Der Antragsteller befindet sich in Strafhaft in der Justizvollzugsanstalt Amberg. Strafende ist für den XX.XX.20XX vorgemerkt.
Mit Schreiben vom 06.08.2019, hier eingegangen am 12.08.2019, hat der Antragsteller eine gerichtliche Entscheidung nach §§ 109 ff. StVollzG beantragt. Ergänzend trug der Antragsteller am 09.08.2019 vor. Unter dem 21.08.2019 beantragte er Prozesskostenhilfe und die Beiordnung von Rechtsanwalt B. aus M..
Die Vollzugsbehörde hat zu dem Antrag auf gerichtliche Entscheidung mit Schreiben vom 02.09.2019 Stellung genommen.
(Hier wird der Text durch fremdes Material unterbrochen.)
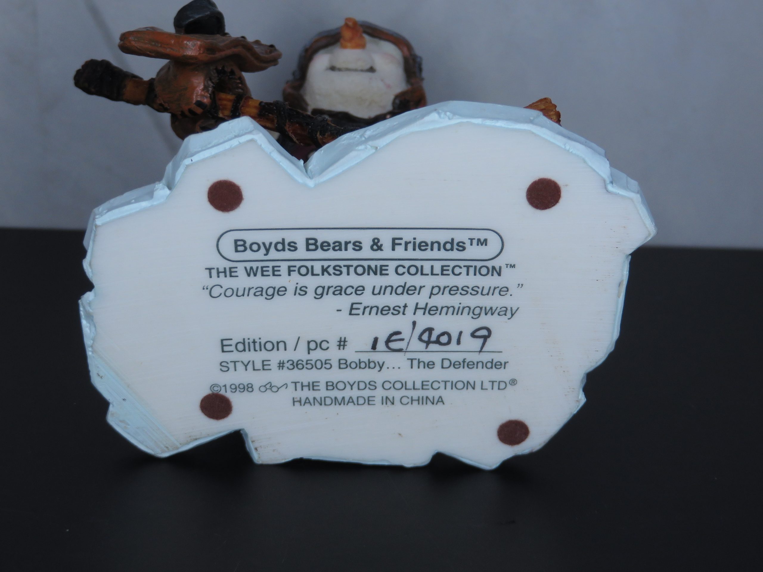 The Wee Folkstone Collection, “Courage is grace under pressure” -Ernest Hemingway. Edition / pc # 1E/4019 Style #36505. 1998. 3½ inches tall and wide.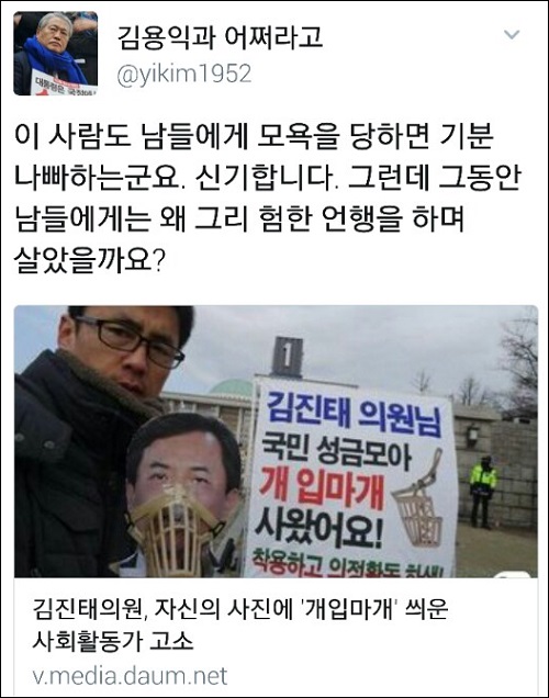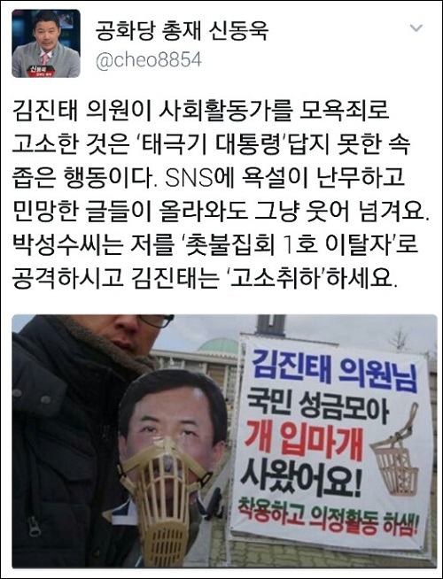 박근혜 대통령의 제부 공화당 신동욱 총재도 트위터에 “김진태 의원이 사회활동가를 모욕죄로 고소한 것은 ‘태극기 대통령’ 답지 못한 속 좁은 행동”이라고 적었다.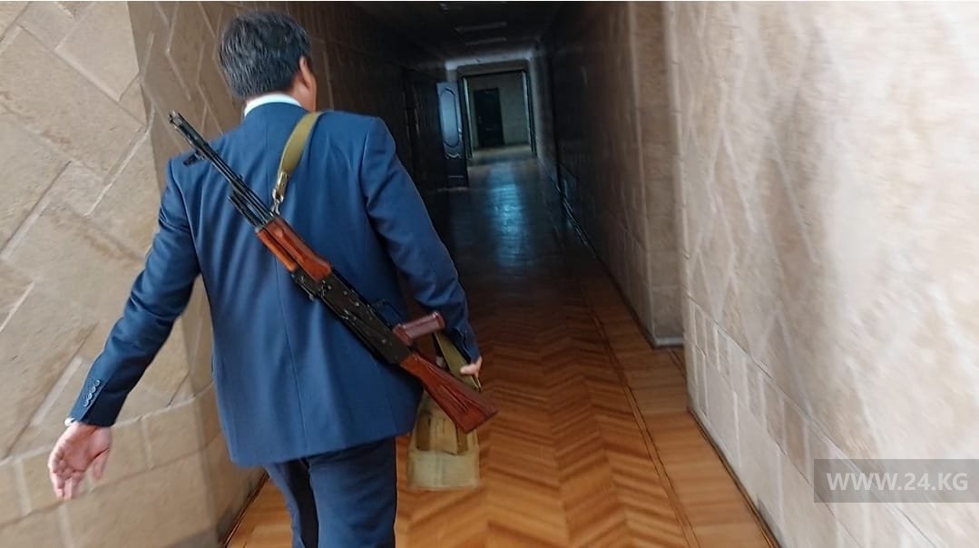 Нардеп Жусупбек Коргонбай уулу вышел из зала заседания с оружием. Журналистам он заявил, что это муляж, который он купил сыну.

Der Antragsteller erhielt Gelegenheit, sich hierzu zu äußern.
Er tat dies mit Schreiben vom 10.09.2019 und vom 12.09.2019.
Der Antragsteller wendet sich gegen die Disziplinarmaßnahme vom 06.08.2019 gegen ihn in Form des Entzugs der Verfügung über das Hausgeld und des Einkaufs für die Dauer von einem Monat, zur Bewährung ausgesetzt für die Dauer von 3 Monaten, die die Antragsgegnerin gegen ihn verhängte, weil am 29.07.2019 im Wasserkocher des Antragstellers im mit insgesamt 6 Gefangenen belegten Haftraum … „Angesetzter“ gefunden wurde, was der Antragsteller der Antragsgegnerin nicht zuvor gemeldet hatte.
Der Antragsteller ist der Meinung, dass es in der JVA Amberg mangels Hausordnung kein Alkoholverbot gebe. Jedenfalls sei ihm eine Hausordnung nicht bekannt gegeben wurden. Den Inhalt in seinem Wasserkocher bestreite er. Jedenfalls habe er nicht erkannt, dass es sich um „Angesetzten“ gehandelt habe. Für eine Meldung an die Antragsgegnerin sei ihm schon kein ausreichendes Zeitfenster verblieben. Nach der Rechtsprechung des Oberlandesgerichts München habe keine Meldepflicht bestanden. Eine Meldung habe von ihm wegen zu befürchtender Repressalien nicht verlangt werden können.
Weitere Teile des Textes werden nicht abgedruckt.